In order to continuously monitor the quality of education, institutions have been burdened with the obligation of annual mandatory surveys and reporting. Authorized healthcare institutions must publish a detailed report on their own websites by january 15 of each year, containing the results of anonymous surveys conducted with specialization students and the success rates of the programs. In the surveys, students' satisfaction regarding issues such as the quality of mentoring, professional development opportunities, working conditions, and the general functioning of the institution will be measured. Thanks to this direct feedback mechanism, it is aimed to quickly identify and eliminate any disruptions in education. This transparent audit model, which increases the functionality of the system, will both protect students' rights and encourage institutions to continuously improve themselves.

With the new regulation, the boundaries and rules of the 'mentoring' system in specialization training are placed within a much clearer framework. For each specialty, it has become mandatory to appoint a chief mentor who will be responsible for the smooth running of the program and the accuracy of the documentation. While a mentor is normally allowed to supervise a maximum of three students, this number can only go up to five in exceptional cases. It is envisioned as a legal obligation for mentors to actively work with each student for at least three hours a week and closely monitor their practical skills. Furthermore, chief mentors are required to have at least ten years of specialization experience, while other mentors must have at least five years of experience, and all must have received special mentoring training.

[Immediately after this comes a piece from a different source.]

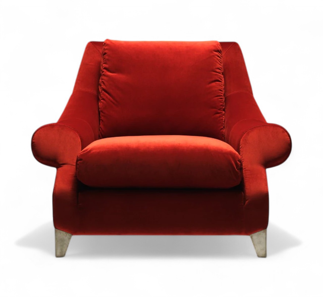 The Crimson Luxe Armchair is a statement of modern elegance and supreme comfort. With its generously cushioned seat, refined curves, and plush velvet upholstery, this armchair elevates any space with both warmth and sophistication. Its bold design makes it equally suited as a standout piece in a living room or as a luxurious accent in a private corner.
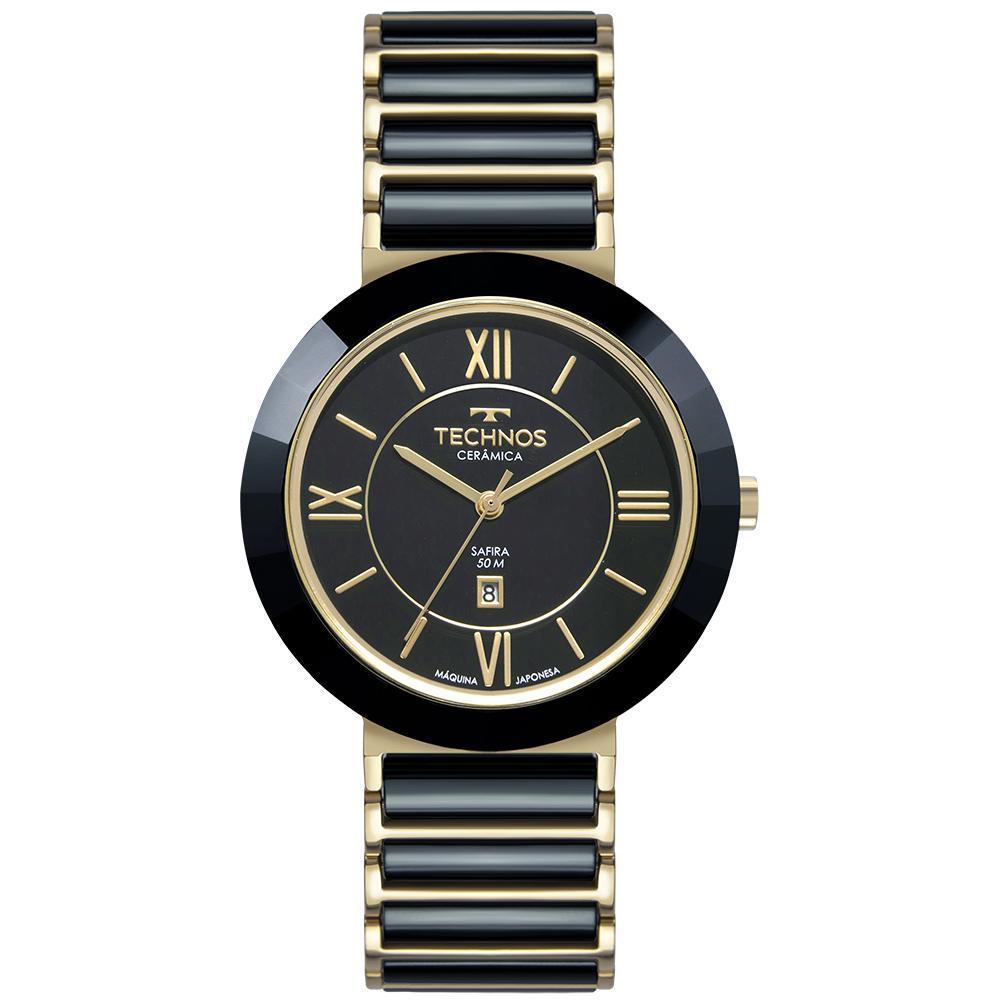 Relógio Technos Ceramic Feminino Preto Com Detalhes Em Dourado. Além Do Vidro De Safira, Este Modelo Foi Desenvolvido Totalmente Em Cerâmica, Um Material Muito Valorizado Na Indústria Relojoeira Pela Vantagem De Ser Resistente À Arranhões, Livre De Corrosão, Leve E Durável, Além De Conter Um Brilho Característico Inigualável. Produto Original Da Marca Technos.

While the concept of 'competence' is centered in the specialization process, students are required to acquire a certain proportion of advanced medical competencies each year. Otherwise, the training can be extended for a maximum of six months in total, granting the student additional time. The exam system has also been completely renewed, adding a mandatory written exam stage conducted simultaneously in all medical faculties after common internal medicine or surgery. The final specialization exam will consist of written and oral parts containing at least 70 multiple-choice questions, and a success rate of at least 60 percent will be required to pass the written exam. A total of four exam rights are granted to the student, and candidates who fail as a result of these attempts will lose their right to continue specialization training in that medical field.